È lì che sta poi, secondo me, l'insegnamento e il dovere che noi tutti, da quello che ci ha lasciato la storia come storia, come è fatti belli, deriva l'insegnamento, è questa la memoria, il saperci portare dietro a quello che abbiamo visto e quello che avete visto nei campi in un periodo storico che è successo,
Circa 100 anni fa ha iniziato circa 100 anni fa e poi è terminato con la fine della Seconda guerra mondiale. Capire oggi cosa impariamo di quel tempo, perché se, se non riusciamo a trasformare quello che abbiamo visto e quello che è successo in una insegnamento contemporaneo dell'oggi non ci è servito a niente rimarrà solo un ricordo di un'esperienza fatta seppur toccante seppur.
Impegnativa, ma è solo un ricordo, e quindi noi dobbiamo avere il dovere, invece quei ricordi di farli vivere ogni giorno.
Di non essere indifferenti se c'è qualcuno che che soffre, se c'è qualcuno che subisce delle ingiustizie, anche a scuola ci sarà sicuramente qualcuno a scuola e magari dà fastidio a qualche compagno per divertirsi, per bullismo, sulla scuola, ci siamo stati tutti e sicuramente ci sarà e anche qui anche da quello passa l'insegnamento del viaggio a rifiutare queste queste violenze e queste e questi attacchi,
Noi in questa sala, come vedete, ci sono tanti quadri che ricordano un po' il periodo della guerra.
Fatti da persone del nostro territorio, alcuni sono di Uliano, Martini, che è stato un assessore del nostro del nostro Comune diversi anni fa è stato partigiano qua sui monti, sui monti di di Asciano e mentre vi ascoltavo, vedevo, in fondo alla sala ci sono due quadri contrapposti a sinistra vedete la cittadinanza onoraria alla Brigata nei video Casarosa, che era la brigata dei partigiani che hanno lottato qua sui monti per mandare via i nazisti e i fascisti e di fronte vedete il giuramento di Mauthausen, ecco quel quadro. La fu fatto nel 2018, proprio quando tornai io dal campo di concentramento quello lo feci io e fu firmato poi da tutti i consiglieri comunali presenti a quel tempo, in questa, in questa sala, proprio perché.

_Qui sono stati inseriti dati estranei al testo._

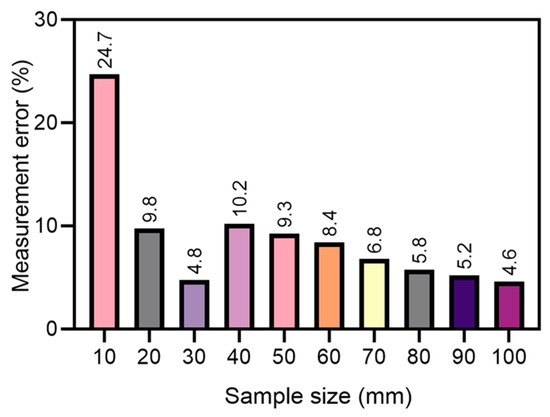 Figure 13 illustrates the measurement errors of 3D roughness for DP models with different sizes. For the joint size of 10 cm × 10 cm, the measurement error was 24.7%. As the joint size exceeded 20 cm × 20 cm, the measurement error decreased sharply and generally did not exceed 10%. When the size of the joint surface was 100 cm × 100 cm, the measurement error reached a minimum of 4.6%. These results are consistent with the measurement errors observed in 2D roughness and affirm that drone photogrammetry is a reliable and practical tool for measuring the roughness of joint surfaces.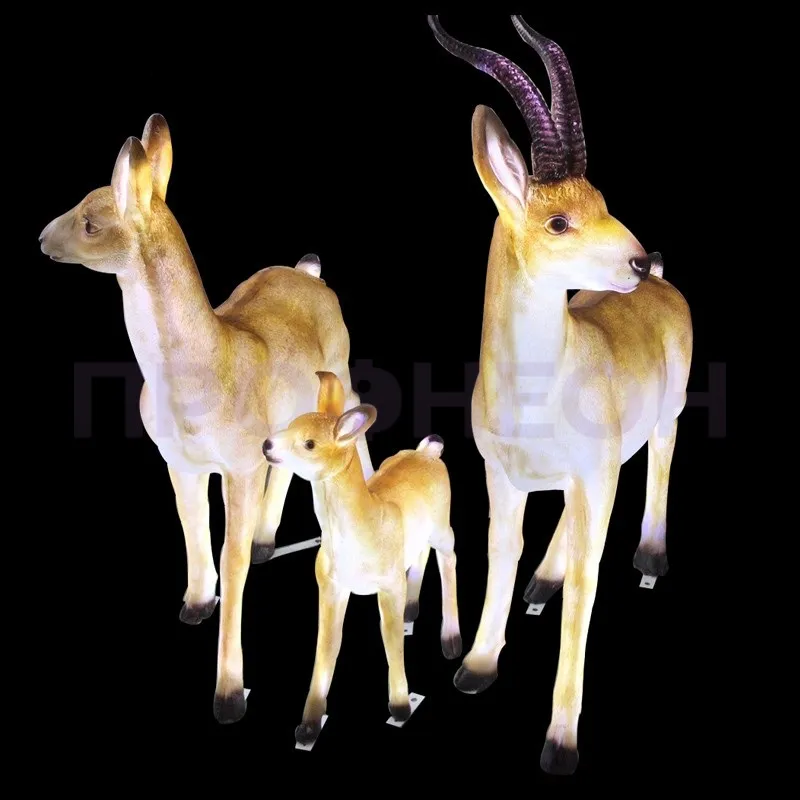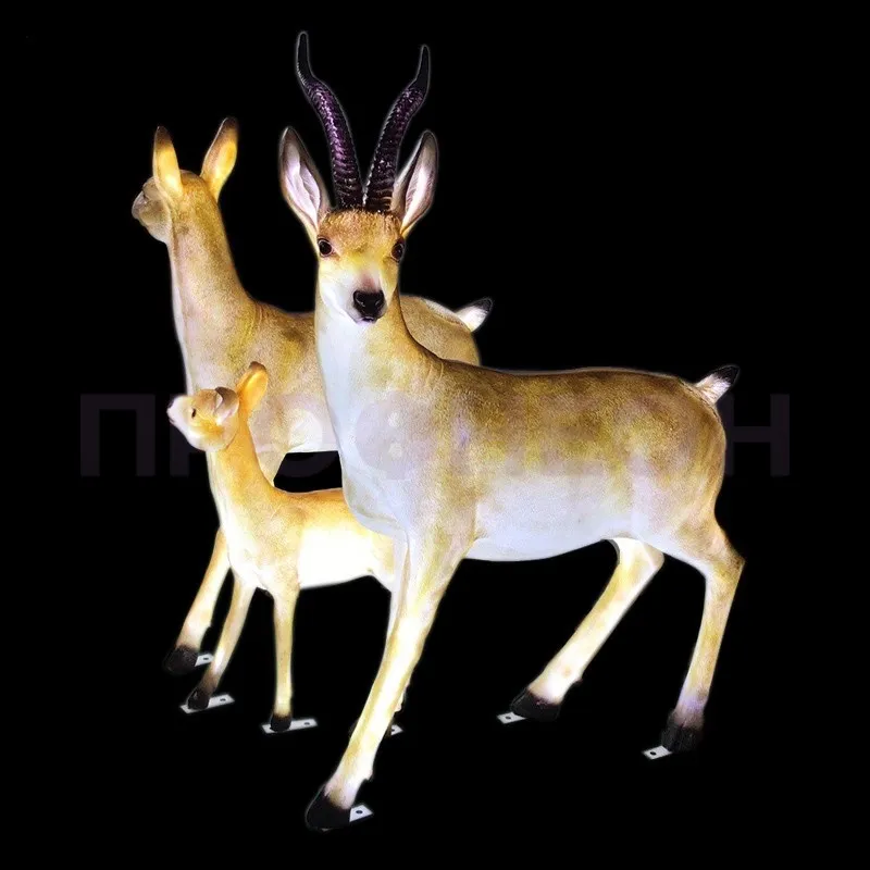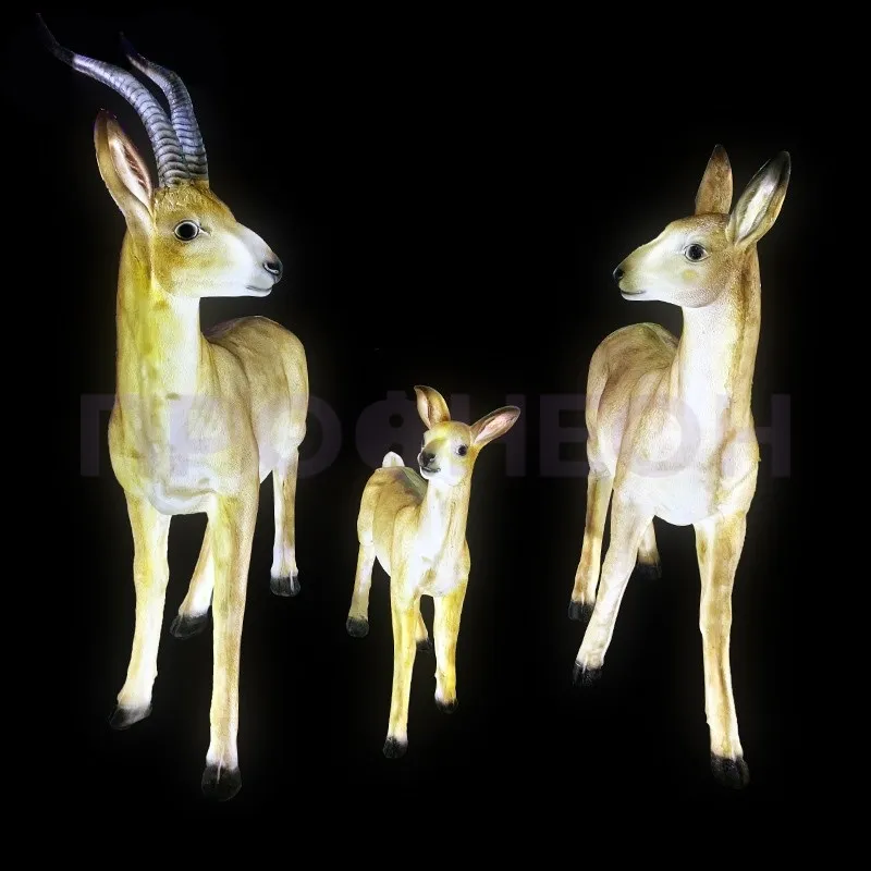 Готовы украсить свою территорию? Запросите коммерческое предложение на объемные фигуры «Семья антилоп». Мы рассчитаем стоимость с учетом доставки и монтажа, подберем оптимальный вариант светового решения. Для оптовых заказчиков — специальные условия.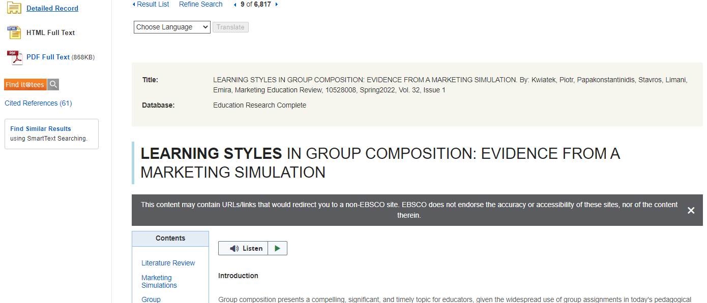 The databases we have access to at Teesside University also come from a variety of suppliers. Again this will mean that the tools which are available (including audio options) will differ.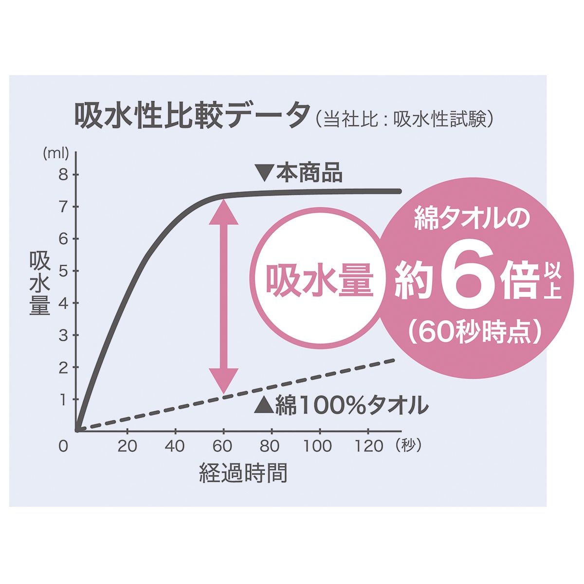 吸水量は綿タオルの約6倍以上!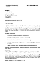 Landtag Brandenburg Drucksache 4/7040 4. Wahlperiode Antwort der Landesregierung auf die Kleine Anfrage 2630 des Abgeordneten Dr. Jens Klocksin Fraktion der SPD Drucksache 4/6910 Wortlaut der Kleinen Anfrage 2630 vom 12.11.2008: Bundesautobahn A 14 Der Weiterbau der A 14 ist seit Jahren umstritten. Die verkehrliche Erschließungsfunktion von Altmark und Prignitz könnte sinnvoller und kostengünstiger durch den qualifizierten Ausbau der B 189/B 5/B 191 erfolgen. Die Baukosten für die A 14 zwischen Magdeburg und Ludwigslust sind explosionsartig von den ursprünglich veranschlagten 775 Millionen Euro (2006) auf 1,278 Milliarden Euro (2008) gestiegen. Jetzt soll der Weiterbau der A 14 zunächst in nicht miteinander verbundenen Teilstücken erfolgen. Ich frage die Landesregierung: 1. In welchen Bauabschnitten ist der Weiterbau der A 14 geplant? 2. Welche Abschnitte der geplanten A 14 werden als erstes gebaut? 3. Welche weiteren Abschnitte der A 14 werden in welcher Reihung folgen? 4. In welchem Zeitraum ist mit der Fertigstellung der A 14 zwischen Magdeburg und Ludwigslust zu rechnen? 5. Wie wird sichergestellt, dass die zuletzt veranschlagten Baukosten eingehalten werden? Namens der Landesregierung beantwortet der Minister für Infrastruktur und Raumordnung die Kleine Anfrage wie folgt: Vorbemerkung: Die A 14 verläuft in Nord-Süd-Richtung über 154 km von Magdeburg in Sachsen-Anhalt über Witten- berge in Brandenburg bis zur BAB A 24 südlich von Schwerin in Mecklenburg-Vorpommern. Sie schließt eine Lücke im Netz der Bundesautobahnen und hat eine große regionalpolitische Bedeutung für die drei Länder. Die drei Länder haben für die Planung der A 14 insgesamt 14 Abschnitte gebildet, davon 9 in Sachsen-Anhalt, 3 in Brandenburg und 2 in Mecklenburg-Vorpommern. Die Beantwortung der Kleinen Anfrage an die Landesregierung Brandenburgs bezieht sich im Folgenden auf die drei in Brandenburg liegenden Abschnitte. Datum des Eingangs: 11.12.2008 / Ausgegeben: 16.12.2008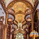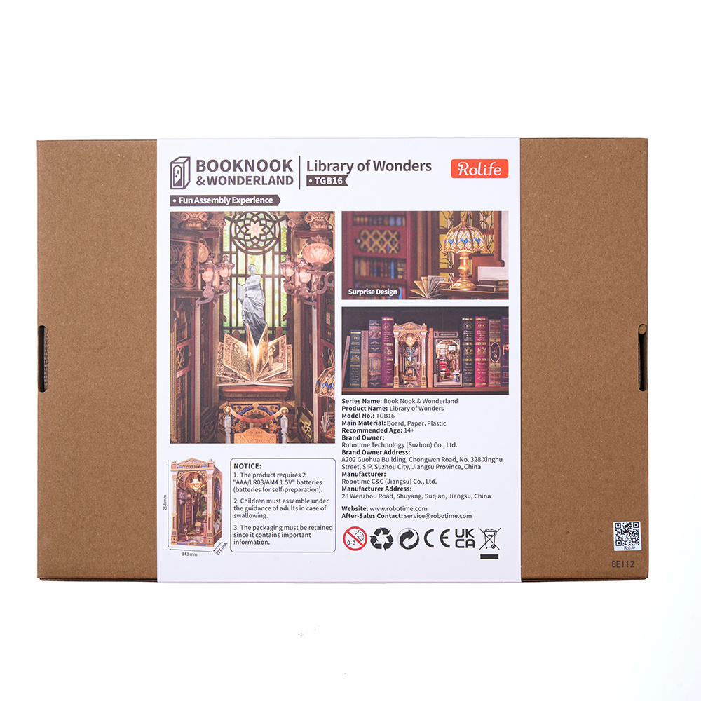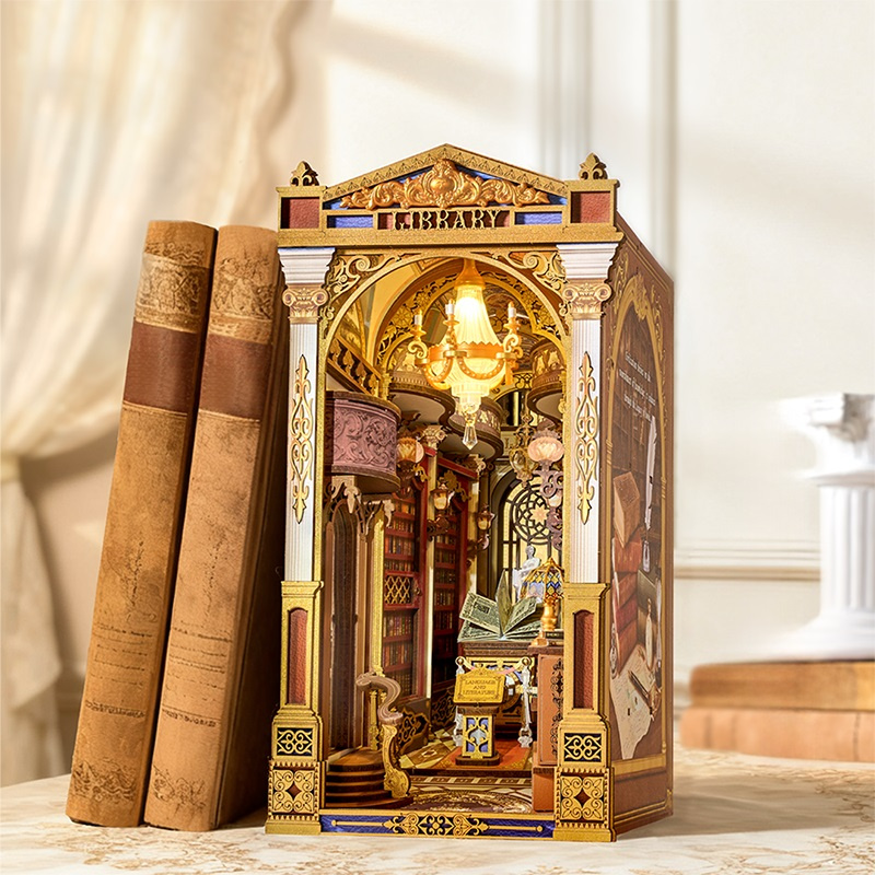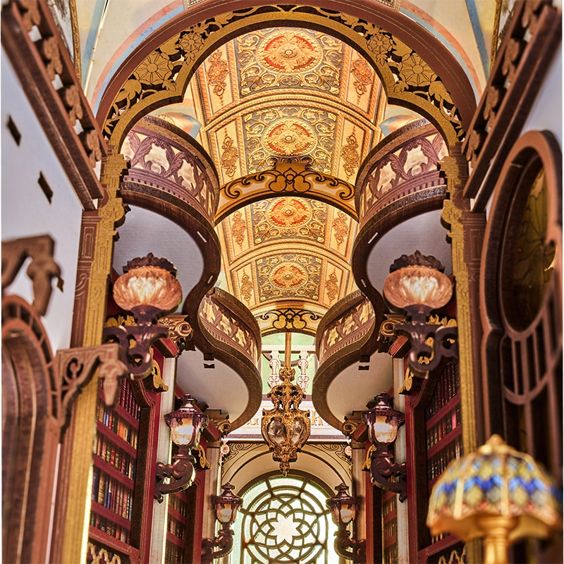Impozantní klenutá brána vás zve do prostoru plného nejen knih, ale i uměleckých detailů a bohaté výzdoby. Pod vysokým, zlatem zdobeným klenutým stropem se tyčí římské sloupy, zatímco červené dřevěné knihovny zaplňují každý kout. Balkon s výhledem na schodiště se zdobeným zábradlím je osvětlen svítícím lustrem a teplými závěsnými světly, která dodávají scéně útulnou atmosféru. Na vzdáleném konci haly se nacházejí klenutá okna s jemnou kružbou a uprostřed prostoru stojí mahagonový pult s otevřenou knihou plnou kaligrafie. Čtenářský koutek je zakončen střechou ve viktoriánském stylu a bočními panely inspirovanými pevnou knižní vazbou, které plynule navazují na okolní knihovny. Knihovna divů je ideální dekorací pro milovníky knih, historie a kreativního tvoření - okouzlující detail, který promění každou knihovnu v malé umělecké dílo.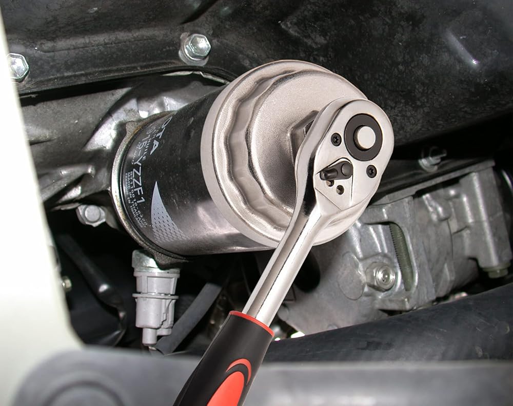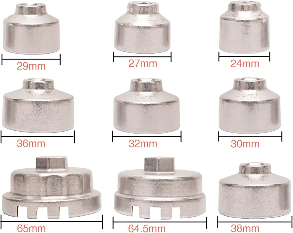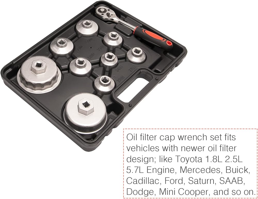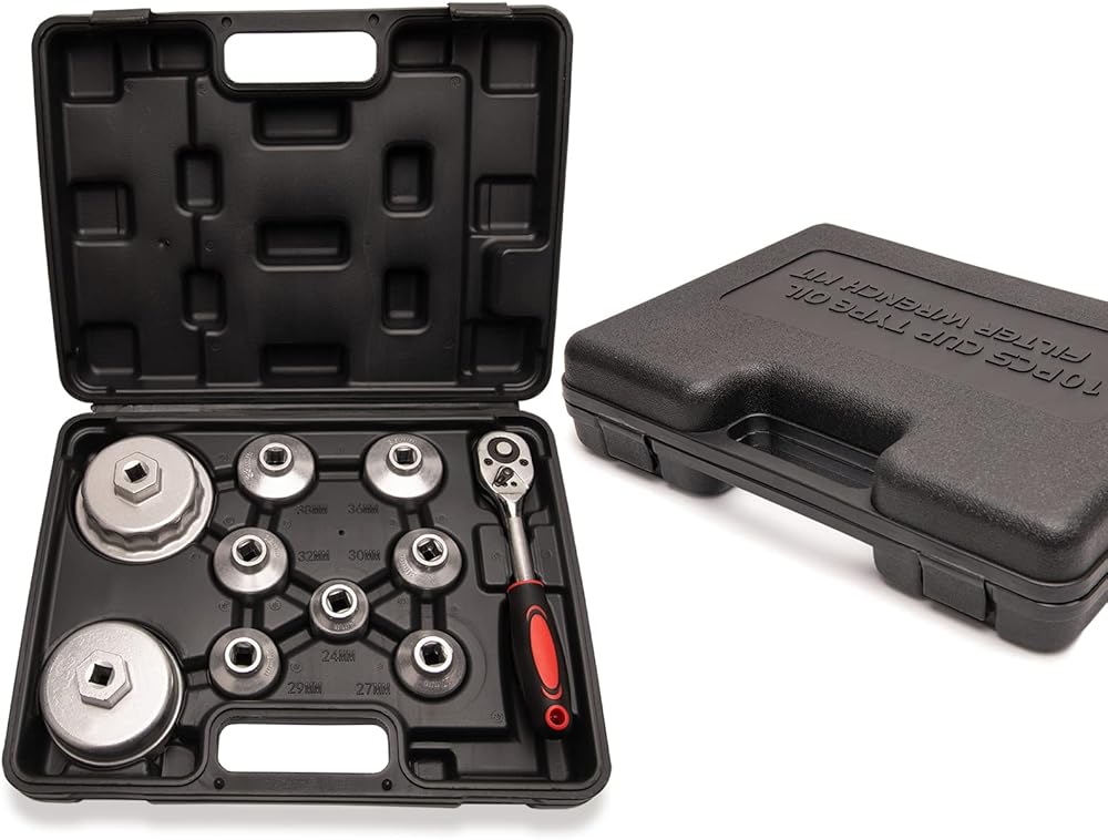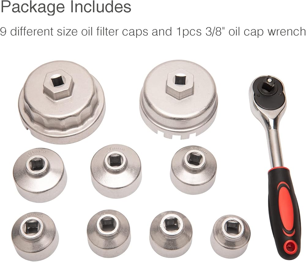 Replacing your oil and oil filter just becomes whole lot easier with this new oil filter cup set; The 9 caps offer a wide array of size to fit a variety of vehicles and the low-profile socket cap set allows to reach into the oil filter housing to easily remove an oil filter; The bonus wrench and ring spanner help remove jammed filters and caps. Plastic blow-molded carrying case for easy transportation, safe storage, and simple organization.
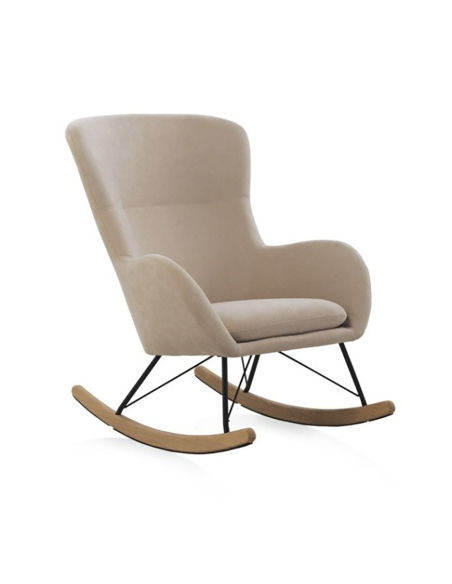 Balancín Aliso tapizado beige, su silueta elegante, con líneas curvas y envolventes, está tapizada en una agradable tela color beige, aportando calidez y suavidad. La base combina la modernidad de las patas metálicas negras con la calidez tradicional de los balancines de madera de haya natural. Este balancín invita al descanso gracias a su forma ergonómica y a su suave movimiento oscilante. El asiento acolchado proporciona un confort duradero, convirtiéndolo en el lugar perfecto para leer, descansar o disfrutar de un momento de calma. Su diseño, más compacto que la versión con reposacabezas, se adapta fácilmente a diferentes espacios. Perfecto para salones, dormitorios o zonas de estar que busquen un toque de diseño nórdico y un asiento extra confortable. El balancín Aiko es una pieza funcional y decorativa que añade carácter y una invitación al relax a tu hogar.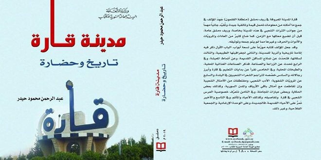 جمع المؤلف عبد الرحمن محمود حيدر من خلال كتابه “مدينة قارة تاريخ وحضارة” ما أمكنه من معلومات تحمل قيمة وثائقية تخص جانبا مهما من جوانب التاريخ والتراث والبيئة في المدينة.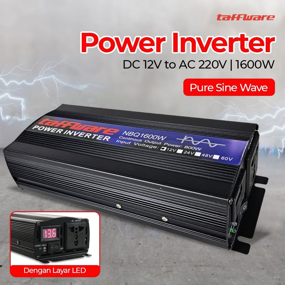 Kesulitan mengisi daya laptop saat di tengah perjalanan? Anda bisa menggunakan power inverter dari Taffware untuk mengatasinya. Alat ini akan mengubah arus DC yang berasal dari aki mobil menjadi arus AC yang diperlukan untuk menyalakan peralatan elektronik. Anda pun bisa mengisi daya laptop, smartphone, lampu, dan perangkat lainnya. Soal daya suplai tak perlu diragukan karena inverter ini mampu menyuplai daya hingga 1600 W.

Volemmo che quel giuramento, quelle frasi, quelle parole rimanessero qua a testimonianza di quei fatti di quel tempo, come insegna come un insegnamento per tutti quei Consiglieri Comunali, quegli amministratori che sarebbero passati dopo di noi e che dopo di noi avrebbero dovuto leggere quelle parole.
E portarsi dietro.
Quelli insegnamenti e quella memoria.
Perché questo è il comune che vogliamo, un comune che non dimentica e che cerca di portare dietro e nel futuro quei valori, grazie.
Grazie Sindaco.
Bene, quindi siamo arrivati alla conclusione di questa di questo Consiglio, ringrazio nuovamente tutte.
C. Ringrazio nuovamente tutte le persone intervenute, ora io darò chiusura del Consiglio, ma vi chiedo comunque un attimo, soprattutto ai ragazzi e alle ragazze, di di rimanere che vi verrà consegnata appunto il diario di Italo Genoni. Il libro dicevo appunto grazie nuovamente a tutte le persone che sono intervenute ai consiglieri e alle consigliere e soprattutto, però, grazie, davvero va ai ragazzi, quindi ad Alessia, Samuele, a Livia, ad Alessia Giuseppe a Greta, a Niccolò a Ginevra, a Irene, a Giovanni, a Tommaso e a Margherita e a tutte le persone che nei loro interventi ci hanno proprio regalato e condiviso così generosamente il questi ricordi e questa restituzione, così intima delle proprie anche emozioni, quindi davvero un grazie, dunque.
Dunque do chiusura del Consiglio comunale alle ore 18:12 e il Sindaco era vi consegnerà la coppia di nuovo buona serata a tutti e tutte.